Define quality SLOs — make quality measurable and contractual — For each CDE and data product, define Service Level Objectives (SLOs) for quality: e.g., "completeness ≥ 99.5%, accuracy ≥ 99%, freshness ≤ 4 hours." Treat quality SLO breaches as incidents with defined severity levels and response SLAs. Publish quality SLOs in the data catalog so consumers know what to expect.
Implement data observability — detect anomalies proactively — Deploy data observability tooling (Monte Carlo, Bigeye, or dbt-based monitoring) to detect statistical anomalies in data distributions, row counts, null rates, and schema changes without pre-defined rules. Combine rule-based checks (step 3) with ML-based anomaly detection for issues that rules cannot anticipate.
Build a data quality scorecard — surface quality to consumers — Create a dashboard showing quality scores per data domain, per dimension, and trend over time. Integrate quality scores into the data catalog (Datahub, Amundsen, Atlan) so users see quality metadata alongside dataset descriptions. A dataset with a completeness score of 94% tells a consumer whether it is fit for their purpose.
Assign data stewards — create accountability for quality — For each data domain, assign a Data Steward responsible for quality: defining business rules, investigating quality failures, coordinating remediation across systems, and approving quality exceptions. Without ownership, quality issues remain unresolved. Stewards are business-side roles empowered with data engineering support.
Implement root cause classification — learn from failures — When a quality check fails, classify the root cause: source system change, ETL transformation bug, schema drift, upstream data deletion, or business rule change. Maintain a quality incident log. Analyze root causes monthly to identify systemic patterns and prioritize prevention over repeated remediation.
Define remediation workflows — close the feedback loop — For each quality failure class, define the remediation workflow: automated self-healing (backfill, deduplication), source system correction, quarantine and manual review, or consumer notification and hold. Integrate remediation workflow with the incident management system. Track mean time to resolve (MTTR) quality incidents.
Govern quality through a data quality committee — Establish a recurring forum (monthly) where data stewards, engineering, and business stakeholders review quality trends, approve threshold changes, prioritize remediation investments, and publish a quality roadmap. Embed data quality objectives into engineering OKRs.
Great Expectations pipeline gate: A dbt model outputs a customer table. A Great Expectations suite validates: expect_column_values_to_not_be_null for customer_id, expect_column_values_to_be_between for age (18–120), expect_column_unique_value_count_to_be_between for duplicate customer keys. The suite runs in CI; if any expectation fails, the deployment is blocked and an alert fires to the data steward.
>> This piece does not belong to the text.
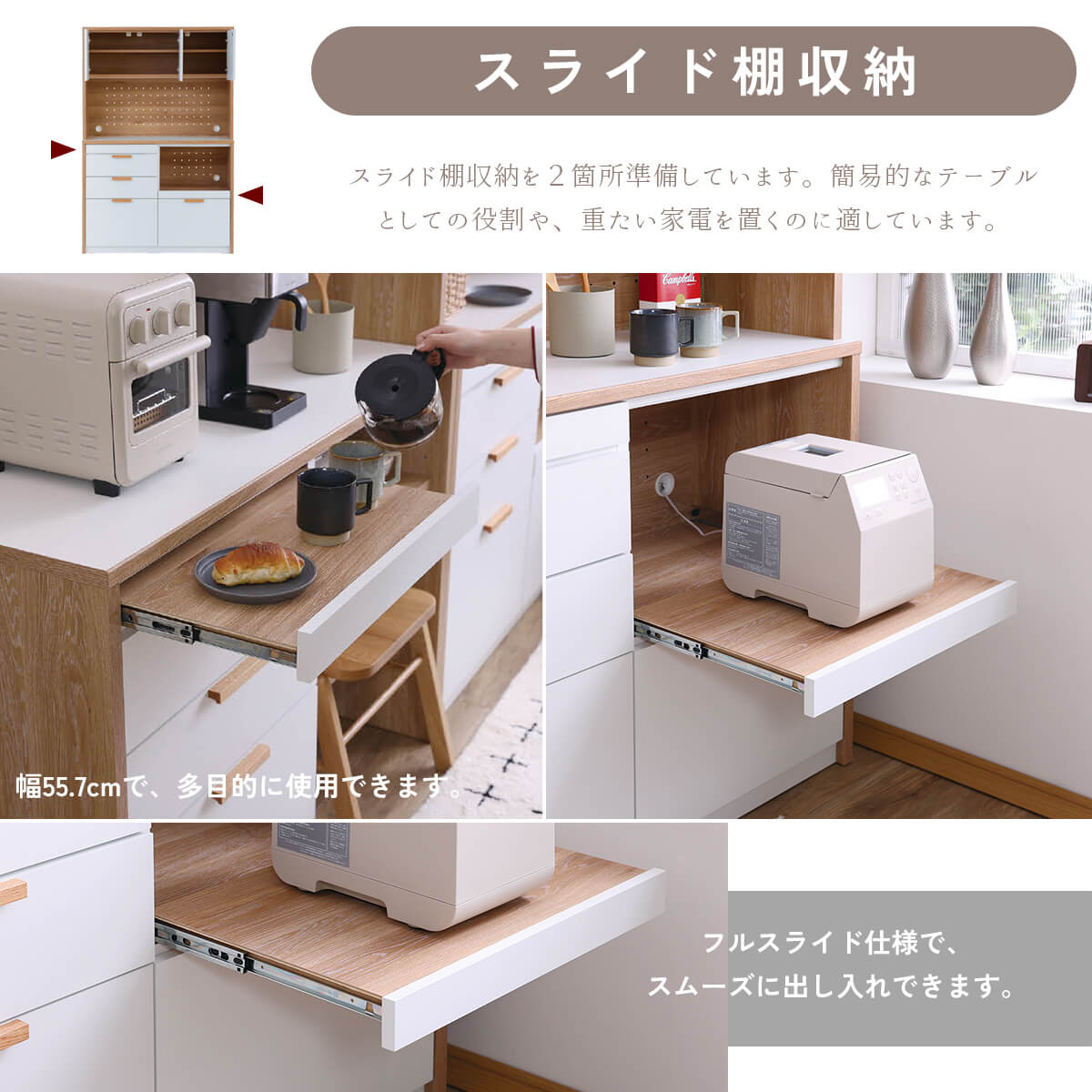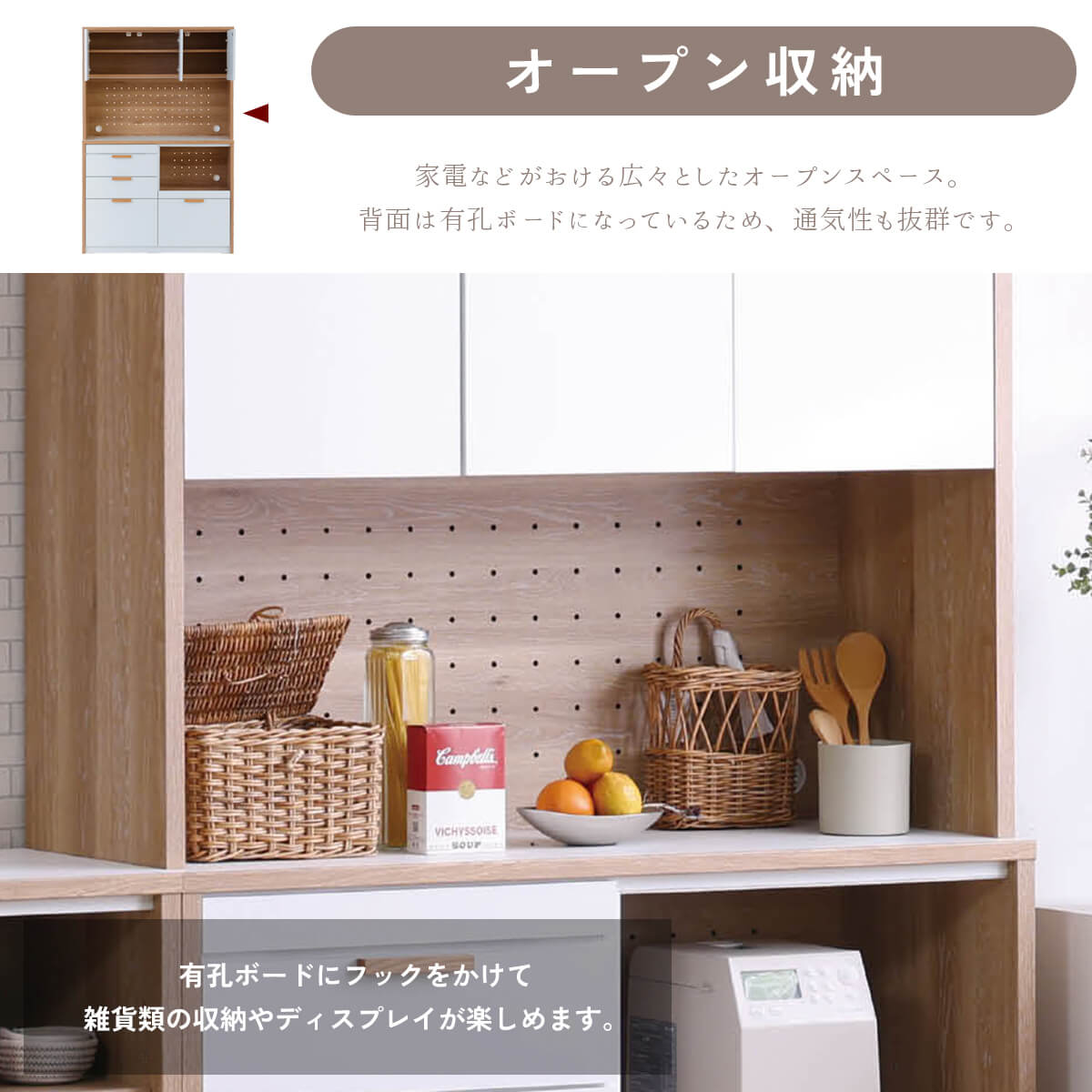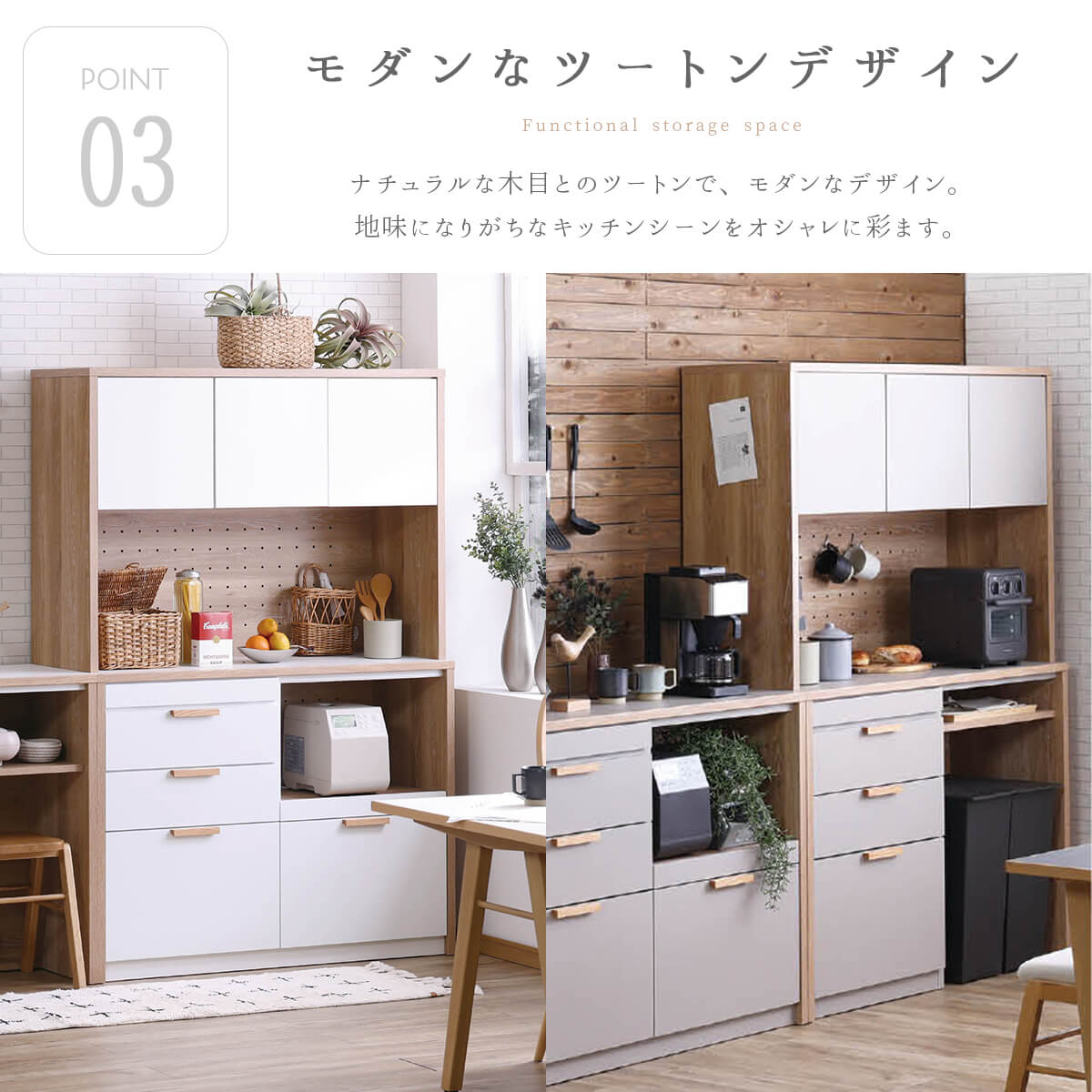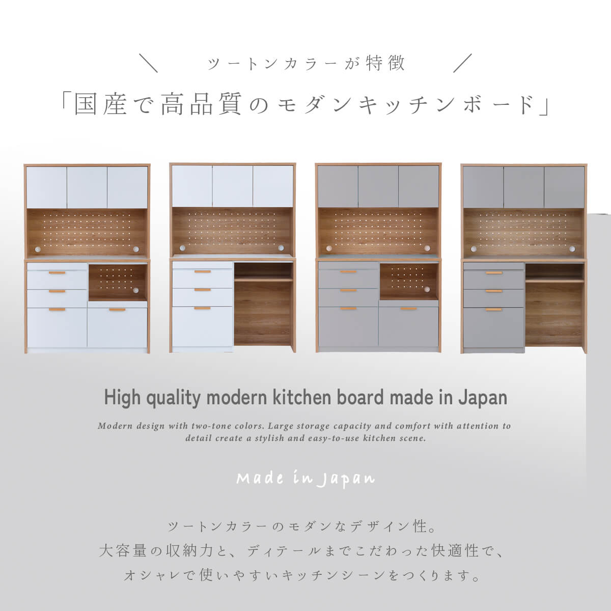 | 特徴 | ツートンカラーが特徴の食器棚。オープン部分は有孔ボードを使って収納できます。また、作業台としても使えるスライドテーブル付きです。炊飯器などの水蒸気も気にせず置けるモイスもついています。便利なコード穴もあります。揺れると扉をロック「耐震ラッチ」も装備。グレー色とホワイト色の2色展開です。 |

Quality SLO breach incident: A Monte Carlo alert fires: the daily row count of the orders table dropped 40% from the 30-day average. The on-call data engineer investigates, finds an upstream API change that dropped a required field causing rejections. The data steward is notified. The source system team applies a fix. The quality SLO breach is logged with root cause "source system schema change" and resolved within the 4-hour SLA.